Voor zover nodig met verdragsconforme toepassing van artikel 8:73 van de Awb, moet in deze procedure worden beslist over appellantes verzoek om schadevergoeding met betrekking tot de mogelijke overschrijding van de redelijke termijn zowel in de bestuurlijke als in de rechterlijke fase. Dit geeft aanleiding om het onderzoek te heropenen. Met verdragsconforme toepassing van artikel 8:26 van de Awb wordt daarbij naast Ciz de Staat der Nederlanden (de minister van Veiligheid en Justitie) aangemerkt als partij in die procedure.
7.
De Raad ziet aanleiding Ciz te veroordelen in de proceskosten van appellante in hoger beroep.
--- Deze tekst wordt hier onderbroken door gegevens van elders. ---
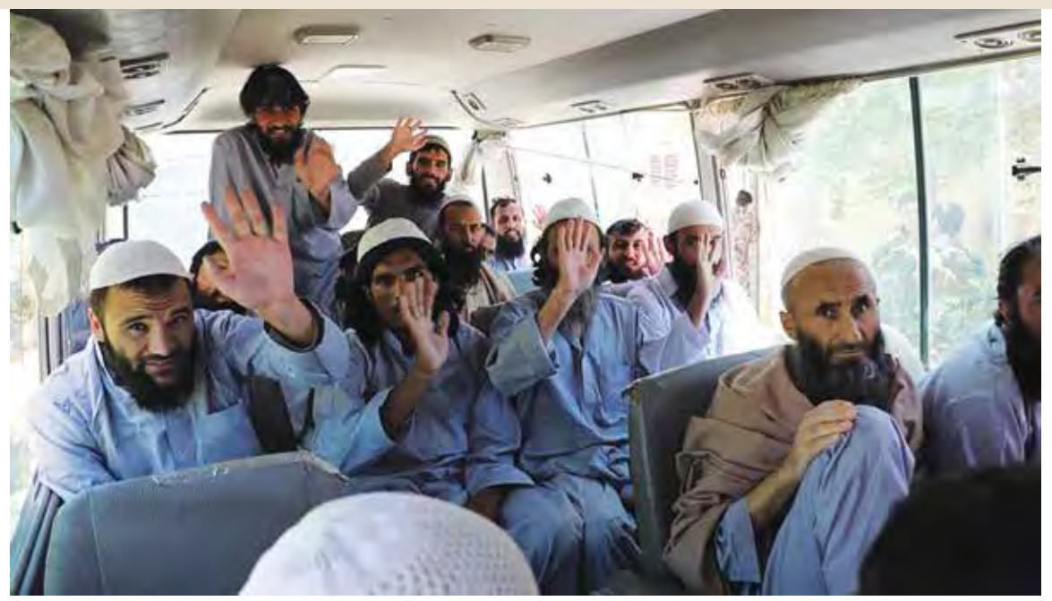
Taliban prisoners released by the Afghan government as a confidence-building measure.

further developments in the intra-Afghan negotiations before committing to a particular reintegration approach. If so, their restraint is consistent with SIGAR's warning that "a reintegration program runs a high risk of failure in the absence of a political settlement or peace agreement."151 Further, the latest World Bank public post-peace funding document does not include the cost of disarmament, demobilization, and reintegration programming in their projected funding estimates. 152 However, it may be prudent to continue preliminary planning for such a program in anticipation of a possible peace agreement.

Deze kosten worden begroot op € 1.095,75 voor kosten van rechtsbijstand.

BESLISSING

De Centrale Raad van Beroep
  • vernietigt de aangevallen uitspraak voor zover daarbij de beroepen tegen de bestreden besluiten I, II en IV ongegrond zijn verklaard en voor zover bestreden besluit III in stand is gelaten;
  • verklaart de beroepen tegen de bestreden besluiten I en II gegrond en vernietigt die besluiten voor zover daarbij de indicatie voor persoonlijke verzorging is gesteld;
  • vernietigt bestreden besluit III voor zover daarbij een indicatie voor persoonlijke verzorging is gesteld;
  • verklaart het beroep tegen bestreden besluit IV gegrond en vernietigt dat besluit;
  • bevestigt de aangevallen uitspraak voor het overige;
  • verklaart het beroep tegen bestreden besluit V gegrond en vernietigt dat besluit;
  • bepaalt de indicatie van appellante voor persoonlijke verzorging in de periode van 2005 tot en met 2009 op klasse 8 (20 tot 24,9 uur per week), aangevuld met 11,9 additionele uren per week;
  • bepaalt de indicatie van appellante voor persoonlijke verzorging in de periode van 2010 tot en met 2014 op klasse 8 (20 tot 24,9 uur per week), aangevuld met 9,8 additionele uren per week;
  • wijst het verzoek om veroordeling tot vergoeding van schade van € 31.000.000,-- en wettelijke rente af;
  • bepaalt dat het onderzoek wordt heropend ter voorbereiding van een nadere uitspraak over het verzoek van appellante om vergoeding van schade met betrekking tot de mogelijke overschrijding van de redelijke termijn, en merkt tevens de Staat der Nederlanden (de minister van Veiligheid en Justitie) aan als partij in die procedure;
  • veroordeelt Ciz in de proceskosten van appellante tot een bedrag van € 1.095,75;
  • bepaalt dat Ciz aan appellante het in hoger beroep betaalde griffierecht van
€ 112,-- vergoedt.
Deze uitspraak is gedaan door J. Brand als voorzitter en I.M.J. Hilhorst-Hagen en
G. van Zeben-de Vries als leden, in tegenwoordigheid van D.E.P.M. Bary als griffier. De beslissing is uitgesproken in het openbaar op 29 januari 2014.